Your task:
The pictures in the listing below are to be skipped, while the lines between the line holding "In good preowned" and the line holding "We had a traditional", inclusive, are to be output exactly.

Provided material:
====================
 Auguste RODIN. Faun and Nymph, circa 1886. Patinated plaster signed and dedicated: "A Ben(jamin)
====================
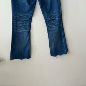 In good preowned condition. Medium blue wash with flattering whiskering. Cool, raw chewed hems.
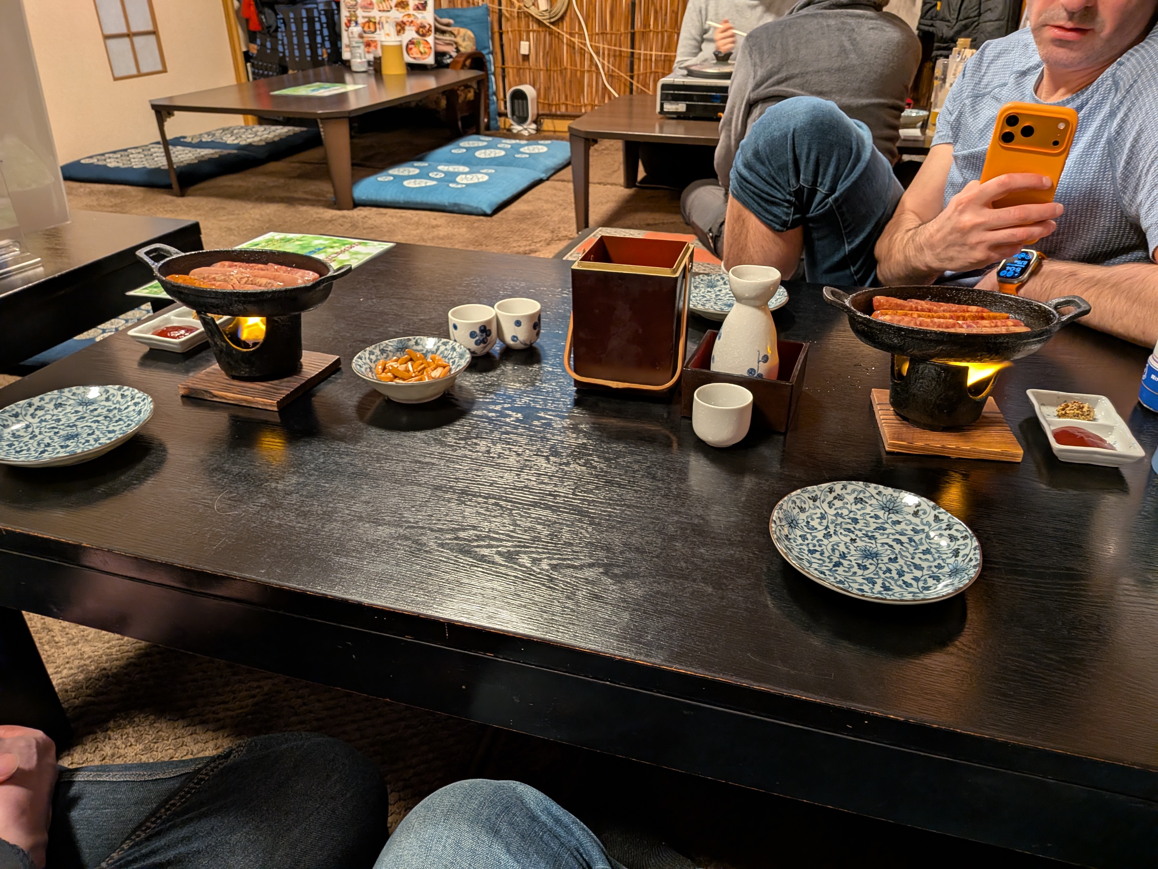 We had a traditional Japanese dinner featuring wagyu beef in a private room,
====================
Exercise response:
 In good preowned condition. Medium blue wash with flattering whiskering. Cool, raw chewed hems.
 We had a traditional Japanese dinner featuring wagyu beef in a private room,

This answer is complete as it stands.